Потом дунул на жаровню и тлеющие веточки таска вспыхнули.
– Гирдман… Кто ещё знает об этом?
Альтестейн ухмыльнулся:
– Когда я проезжал по лагерю, твои воины смотрели на меня как на гонца из преисподней, а ты спрашиваешь, кто ещё об этом знает. Откуда узнали они – вот вопрос!
Кее’зал исподлобья взглянул на Альтестейна. Костлявый, с длинными руками, в бурой от пыли накидке, он походил на старого ворона, топорщащего перья.
– Мне донесли, что твои четыре десятка прибыли вчера на рассвете со стороны Хоата и прибились к остаткам моей сотни, – положив в рот кусочек ароматной смолы, туэркинтинец стал чертить пальцем по кошме неопределённые знаки. – Мне ты показал кольцо причастия, дающее власть надо мною и моими людьми, вплоть до жизни и смерти… Ещё ты ведёшь за собой пять сотен Львов. Я не хочу ходить по краю пропасти в неведении. Ты выехал из Чёрной Расселины вчера вечером, при свете полной луны. Каковы твои истинные слова?
«Варвар» досадливо цокнул языком:
– Да я же говорю тебе, достопочтенный Кее’зал: предстоит обыкновенный поход. Степные львы вкупе с наёмниками должны выбить керкетов из Ахеля, освободить благословенный оазис от владычества злых дикарей…
Сотник прервал Альтестейна взмахом руки: зачем тратить слова попусту?
– Осень, – прохрипел он. – Осень, да. Время холодных пыльных бурь и набегов враждебных племён. И ты ведёшь нас прямо в их змеиное логово.
– Какое логово, друг, думай, что говоришь. Ты не хуже меня знаешь, что Ахель никогда не принадлежал керкетам, всегда привечал караваны, идущие в Асций, и даже платил номинальную дань шахиншаху. За что и был назван союзником империи, и вправе ожидать помощи при нападении кочевников. Так что мы вершим правое дело.
Кее’зал досадливо поморщился:
– Ты мне зубы не заговаривай. Это вы там в своём Кирайт-Сафе во дворце стены отирали, я же, слава Рару, двадцать лет в походах провёл. Я подвох носом чую. Не похоже это на войну, как её обычно империя ведёт.
Альтестейн поднял бровь, ощущая, как в груди растёт злобное недоумение:
– Кее’зал. Мои люди нашли твою сотню здесь, почти на границе, наполовину обескровленную, и были вынуждены доказывать вам, что они не враги. После этого я должен говорить, что чую здесь подвох. Уж не собрались ли вы, часом, дезертировать, а? Только Хибет-Куран воон в той стороне.
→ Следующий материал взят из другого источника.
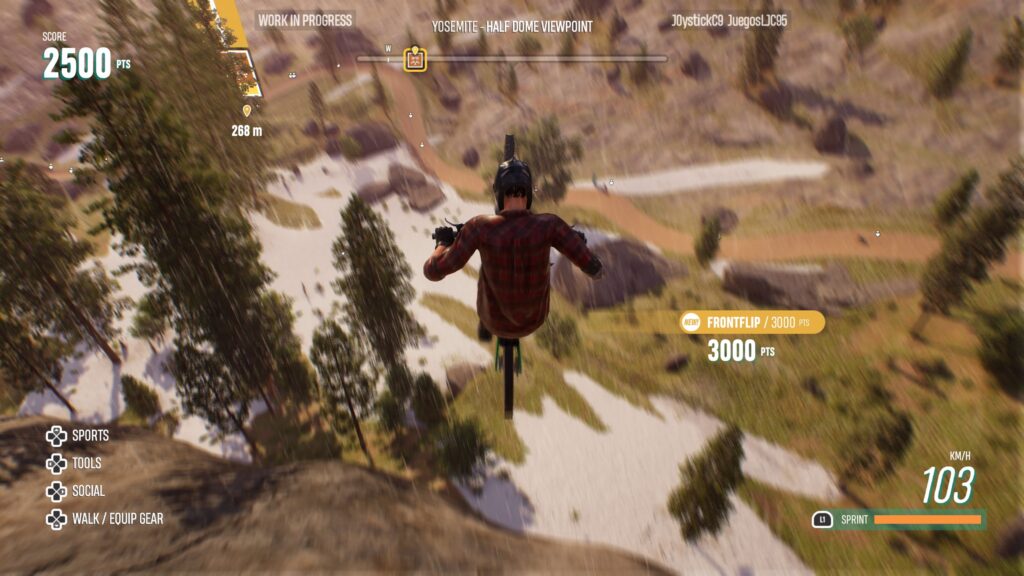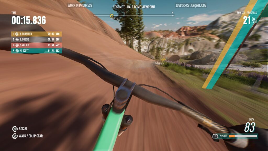 Como mencioné, el mundo de Riders Republic está compuesto por una combinación de parques nacionales estadounidenses, como Yosemite, Zion o el Parque Nacional de la Secuoyas. Aunque estos bellos parques están separados considerablemente por la distancia en el mundo real, Ubisoft, en mi opinión, acertó al unirlos en un solo espacio que logra cohesionar un mundo fluido, lo cual demuestra ser útil en algunas de las mejores competencias.
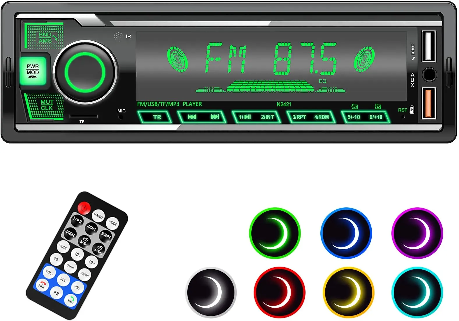 Kategorie: Zubehör für Car HiFi - Wistrue - GTIN:0711182005348 - Großer LCD-Bildschirm mit 7 Farben: Der Bildschirm ist größer als bei den meisten Autoradios auf dem Markt und die fortschrittliche Anzeigetechnologie macht die Anzeige auch bei hellem Sonnenlicht klarer. Das Autoradio hat eine Beleuchtung in 7 Farben; Sie können die Farben je nach Stimmung ändern oder automatisch ersetzen. Autoradio mit Bluetooth-Freisprecheinrichtung: Dieses Autoradio verfügt über Bluetooth 5.0 für schnellere, stabilere Verbindungen. Genießen Sie freihändige Anrufe und nahtlose Musikwiedergabe mit der integrierten Bluetooth-Funktion. FM-Autoradio mit Senderspeicherfunktion: FM-Radiobereich: 87,50 MHz ~ 108,00 MHz, 18 voreingestellte Radiosender können gespeichert werden. Genießen Sie klaren und zuverlässigen Empfang. Die intuitiven Bedienelemente und das kompakte Design des Autoradios sind auf Komfort ausgelegt und machen es zum perfekten Begleiter für Roadtrips, Pendelfahrten oder tägliche Fahrten. Einfach zu bedienen: Das Bluetooth autoradio mit 2 USB-Anschlüssen, ein USB-Anschluss für 2,1-A-Schnellladen, der andere USB-Anschluss für Musik (unterstützt MP3/WMA/WAV-Wiedergabeformat). SD-Karte und Aux-Eingang sind zur Verwendung bereit. Beeindruckende Klangqualität: Erleben Sie klaren, lebendigen Ton mit Unterstützung für MP3, WMA und WAV Formate. Sie können ganz einfach zwischen den EQ-Einstellungen Pop, Rock, Flat, Jazz oder Classic wechseln, um Ihre Musik zu verbessern und jeden Moment ... Ein Hikity MP3 Auto Player mit 180W Leistung und Ladefunktion, der eine gute Audioqualität verspricht. ![]() ![]()
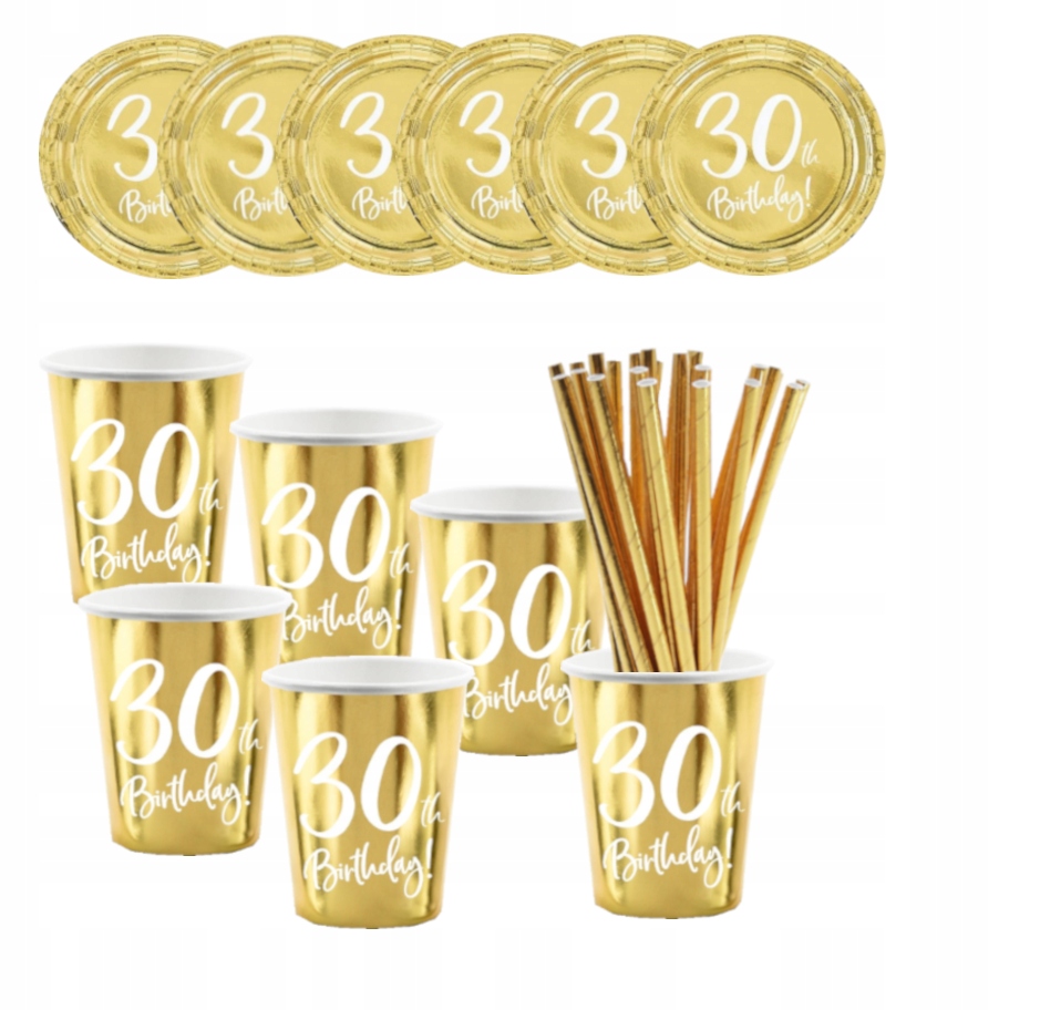Zestaw kubki talerzyki słomki złote 30 urodziny
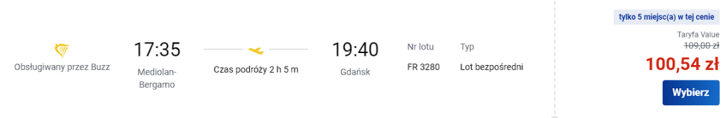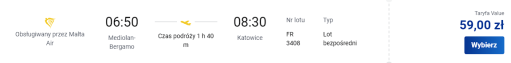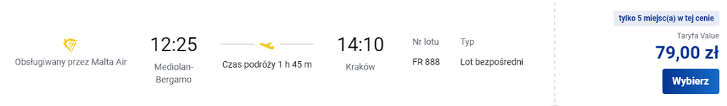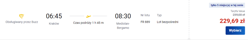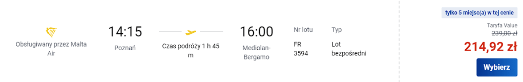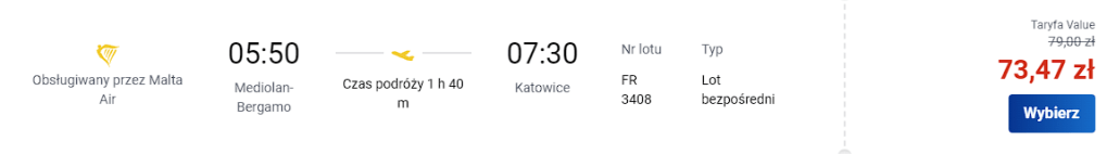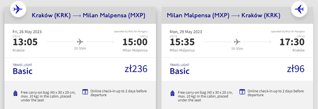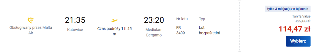 Ceny za lot dotyczą jednej osoby z bagażem podręcznym.
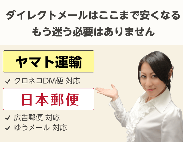 弊社をご利用いただいたほぼ全てのお客様が、DM発送に関する経費の削減及び納期の短縮を実感しています。御社の戦略に最適な発送方法をご用意できる弊社をぜひご利用ください。
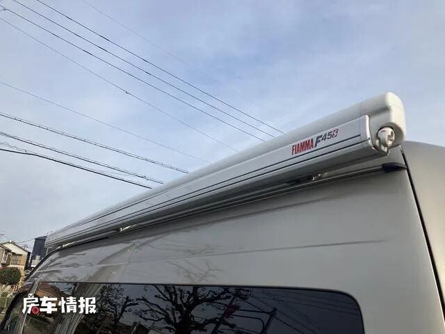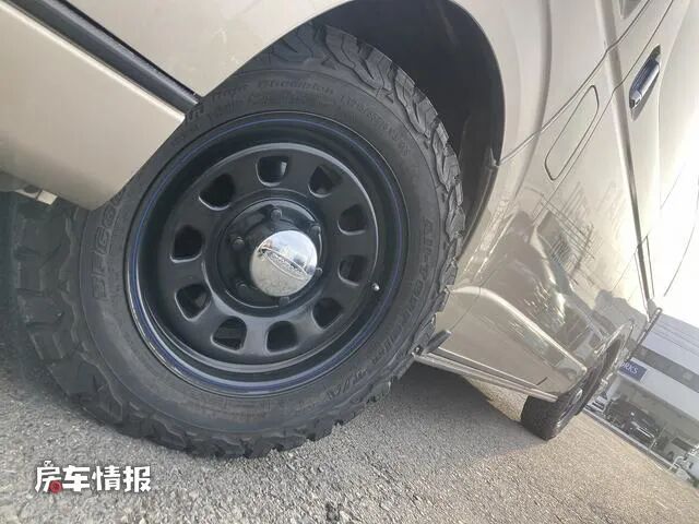 在车身左侧的顶部,全车是配备了一个手动的遮阳棚,后方还提供了登车爬梯,最特别的是整辆车的轮毂都是采用了熏黑的样式,车尾灯也同样是熏黑样式,并且加入了保护框,这样使整辆车看起来都很有运动越野的感觉。

– Я знаю, где Хибет-Куран, – угрюмо сказал туэркинтинец. – И если бы мы хотели уйти, то четыре десятка волосатых из леса не удержали бы нас.
«Варвар» покачал головой:
– Я вижу тебя, Кее’зал. Я знаю тебя и твои мысли. И они не противны мне, поверь, не противны моему сердцу. Мы чужие здесь, на этой земле, нас считают дикарями, годными на то, чтобы слушаться приказов и убивать. Чтобы выжить, мы должны держаться вместе, а не подозревать один другого, и только и ждать удобного момента, чтобы вцепиться друг другу в глотку. Я отстоял вас у Львов, и ты знаешь это. И выбраться из этой передряги мы сможем только вместе, или все останемся в песках. Я не буду врать тебе, что дело будет пустяковым, но раз уж вы ввязались в такую странную игру, как нападение на мазола без ведома кахшани, то пара недель в пустыне для вас – сущие пустяки.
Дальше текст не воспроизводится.